*** MATERIAL PROVIDED Section Begins ***

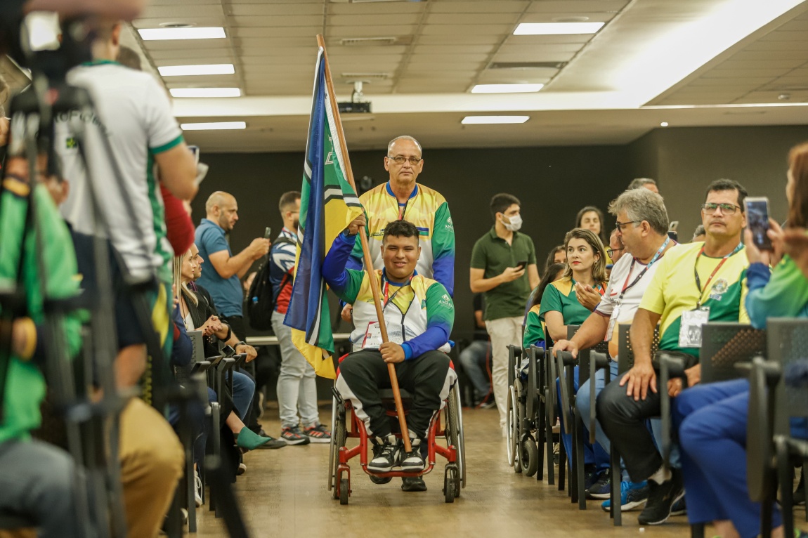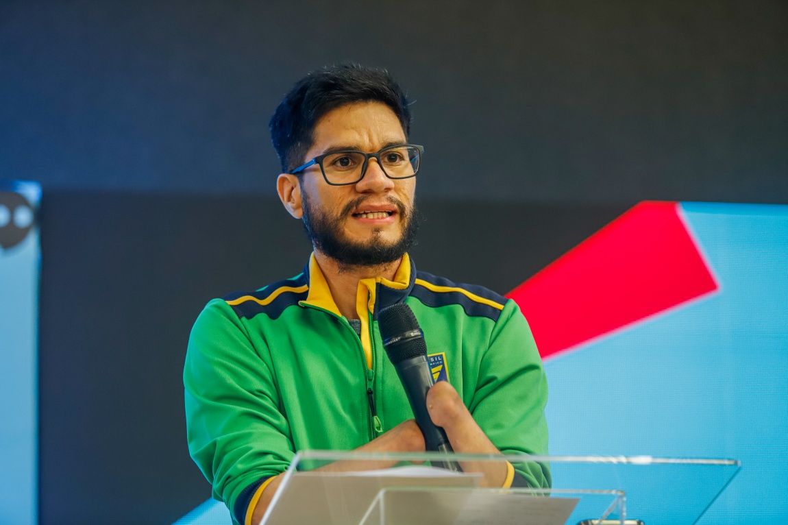 O secretário nacional de Paradesporto do Ministério da Cidadania, Agtônio Guedes, durante a abertura das Paralimpíadas Escolares. Foto: Ricardo Valarini/ Min. Cidadania
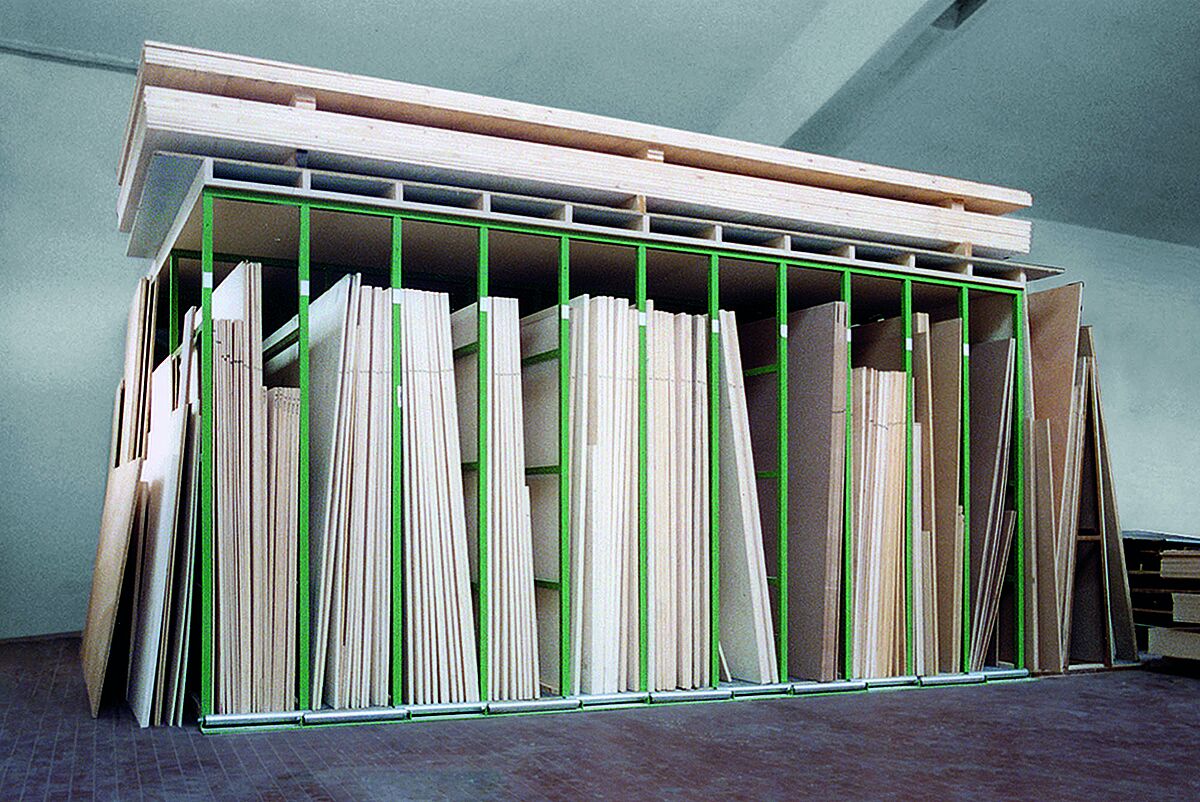 Una specialità di OHRA è il robusto scaffale per pannelli truciolari per lo stoccaggio verticale di pannelli truciolari e materiali in diverse qualità e dimensioni. Il robusto sistema di scaffalatura garantisce un'elevata portata e una rapida manipolazione nell'officina.
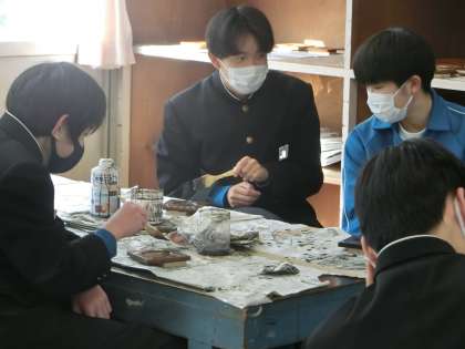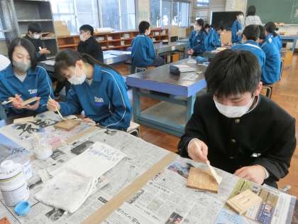 木彫の学習・木製コースターづくりもいよいよ大詰めです。必死に彫りの活動に取り組んでいる生徒がいます。また、一生懸命彫り上げた作品にニスを塗っている生徒もいます。納得のいく作品に仕上がること願っています。

*** MATERIAL PROVIDED Section Ends ***

• **TRY IT**: Give an exact copy of the material, leaving out every picture.

• **ANSWER SPACE**:
 O secretário nacional de Paradesporto do Ministério da Cidadania, Agtônio Guedes, durante a abertura das Paralimpíadas Escolares. Foto: Ricardo Valarini/ Min. Cidadania
 Una specialità di OHRA è il robusto scaffale per pannelli truciolari per lo stoccaggio verticale di pannelli truciolari e materiali in diverse qualità e dimensioni. Il robusto sistema di scaffalatura garantisce un'elevata portata e una rapida manipolazione nell'officina.
 木彫の学習・木製コースターづくりもいよいよ大詰めです。必死に彫りの活動に取り組んでいる生徒がいます。また、一生懸命彫り上げた作品にニスを塗っている生徒もいます。納得のいく作品に仕上がること願っています。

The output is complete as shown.